Выбрать главу

Вопрос о «шиле» можно было не задавать. Если Лёха разрисовывает клуб железнодорожников, значит, там он им и разжился.

– А аккорд какой будет?

– Новая офицерская столовая. На 100 процентов уверен!

– Ну, разрисуешь, и все равно, я думаю, первым не уйдёшь. Найдут ещё чем нагрузить!

– Копи деньги на коньяк! Французский не надо, ни к чему тебя разорять! Армянский пойдёт!

Лёха, действительно, уволился самым первым. Когда я через неделю после приказа позвонил в Смолянку, Лёхи там не оказалось, и мне было отвечено, что тот, судя по всему, уже пьёт водку дома. Ничего не оставалось, как восхищённо выматериться…
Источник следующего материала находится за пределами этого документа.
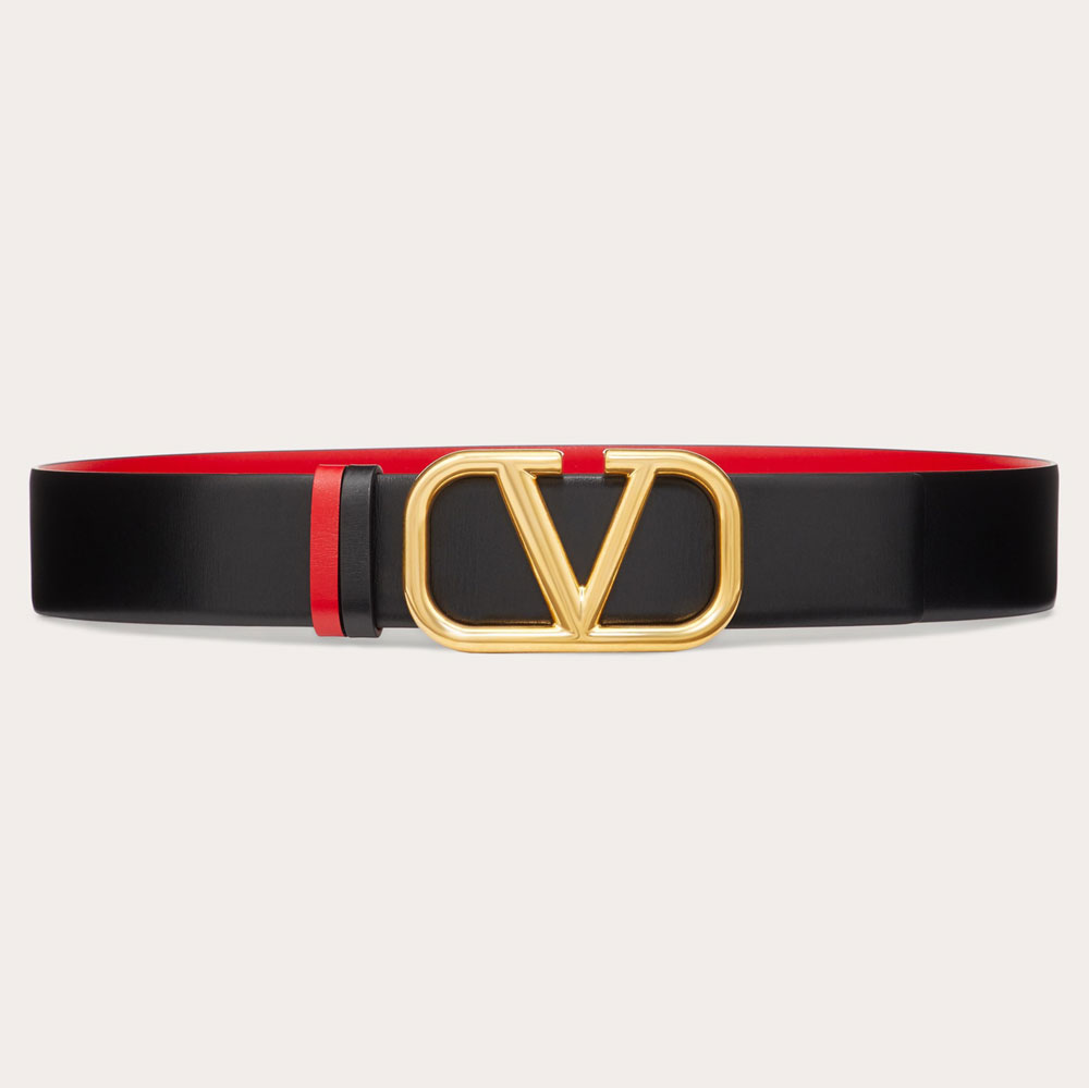 Elevate your outfit with the Valentino Reversible 40mm Vlogo Signature Belt in Black/Red. This sleek calfskin leather accessory features a stylish Vlogo Signature buckle in antique brass finish, adding a touch of luxury to any ensemble. Pair it with a chic black dress for a sophisticated look, or style it with tailored pants and a blouse for a polished office attire. The versatile design of this Valentino Garavani belt makes it perfect for both casual and formal occasions, making it an essential addition to any woman's wardrobe. Shop now and elevate your style game! #valentino #valentinogaravani #beltwomen

По первому ноябрьскому снежку, грея в карманах куртки две бутылки армянского коньяка, я подходил к старому дому на Моховой. Неделю назад приехал домой, дня три квасил с друзьями и родственниками, и зачем-то, уже не упомню, поехал в Питер. Прошло полгода, но Лёха меня вспомнил сразу, заорал в трубку, чтобы я немедленно подъезжал к нему, дал адрес и объяснил, как найти квартиру. Жил он в полуподвале с отдельным входом, на двери красовалась огромная подкова, выкрашенная каким-то фосфоресцирующим составом. Ошибиться было нельзя, и я уверенно постучал. Дверь распахнулась, волосатый и усатый Лёха, радостно матерясь, облапил меня и потащил внутрь. На столе исходила паром кастрюля картошки, тут же присутствовал кусок сала, банка маринованных огурцов, буханка хлеба, две гранёные стопки и бутылка «Столичной». Я вытащил из карманов коньяк.

– Армянский. Ты выиграл!

Лёха жизнерадостно захохотал:

– Блин! Помнишь ведь! Ну давай, наливай тогда, водку на потом оставим!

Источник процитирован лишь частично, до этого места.